Сайт продается, подробности: whatsapp telegram
Скачать:PDFTXT
Полное собрание сочинений в одиннадцати томах. Том 11. Воспоминания современников о Б. Л. Пастернаке

он просил, чтобы его отправили на фронт с писательской бригадой. Но с ним поступили по-хамски, много раз обманывали, и в результате он попал на фронт только в 1943 году. Я очень переживала эту обиду.

Весной 1942 года я получила письмо от врачей из санатория «Нижний Уфалей» под Свердловском, где находился Адик. Они спрашивали у меня разрешения на ампутацию ноги, так как это якобы могло спасти его жизнь. Поскольку вопрос шел о жизни и смерти, я дала согласие. Но я никак не могла себе представить этого молодого, красивого человека, отличного спортсмена, лю¬бителя танцев и всяческого движения — и вдруг без ноги. Боря меня утешал и говорил, что мы закажем протез и будет совершен¬но незаметно, если же здесь не смогут сделать хороший протез, то он повезет Адика в Англию.
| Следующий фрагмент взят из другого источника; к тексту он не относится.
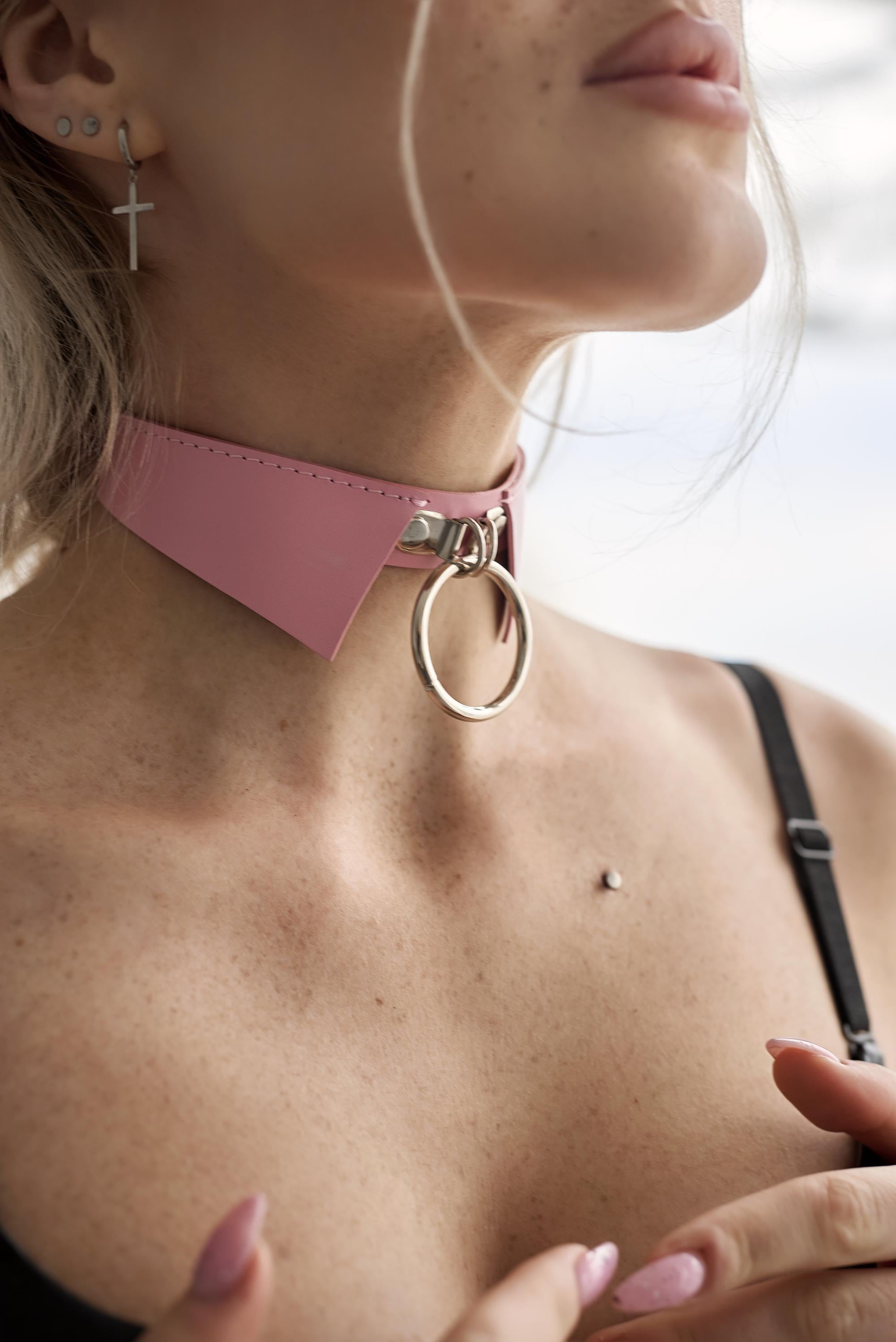 Collare girocollo in pelle con anello a O, girocollo in pelle, coll...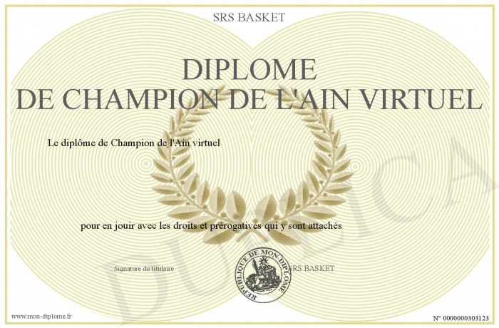 Envoyez par email votre Diplôme de Champion de l'Ain virtuel personalisé

Итак, я дала согласие, а через ме¬сяц получила душераздирающее письмо от сына. Он писал, что не представляет себе дальнейшей жизни, теперь он калека без ноги и мечтает он только об одном: попасть в Переделкино и лежать у меня в саду, единственно, чем он может быть полезен, — это ис¬полнять роль чучела в огороде.

После этого письма я решила поехать навестить его. Ко мне отнеслись очень хорошо и моментально устроили отпуск на две недели. Деньги у нас были, я купила Адику мед, масло, сухари и, взявши Стасика, которому было четырнадцать лет, пустилась в путь, с большим трудом добившись пропуска. Боря настаивал на том, чтобы я взяла как можно больше денег, и привез нам на вокзал десять тысяч рублей. Эти деньги целиком вернулись об¬ратно, так как ничего нельзя было купить, и мы со Стасиком пи¬тались в Нижнем Уфалее грибами и малиной.

Всю дорогу я думала, как объяснить Адику арест отца и не взволновать его, а утешить. Но все произошло, как в сказке. При¬ехав в санаторий, я застала Адика с письмом в руке, и слезы ли¬лись у него градом. Он сказал, что такого счастья он не выдержит: радость видеть меня и получить письмо от освобожденного отца была слишком велика. И вышло так, что не мы его должны были утешать, а он сообщил нам чудесную весть. Отец писал, что он уже на свободе. Ему предлагают выехать в Свердловск, в Алма-Ату или в Тбилиси, но он выбрал Свердловск, чтобы быть ближе к нему и навещать его.

Мы целый день сидели у Адика. Меня очень огорчило, что по¬сле ампутации ноги, отрезанной выше колена, температура про¬должала повышаться. Он говорил, что его преследует ощущение пятки (то есть временами кажется, что ампутированная нога болит или чешется в пятке). Лежа в санатории, он влюбился в одну де¬вушку. Она была ходячая больная, часто его навещала, сидела у его постели, и между ними завязался роман. После операции же она совершенно отвернулась от него, и он испытывал тяжелую обиду.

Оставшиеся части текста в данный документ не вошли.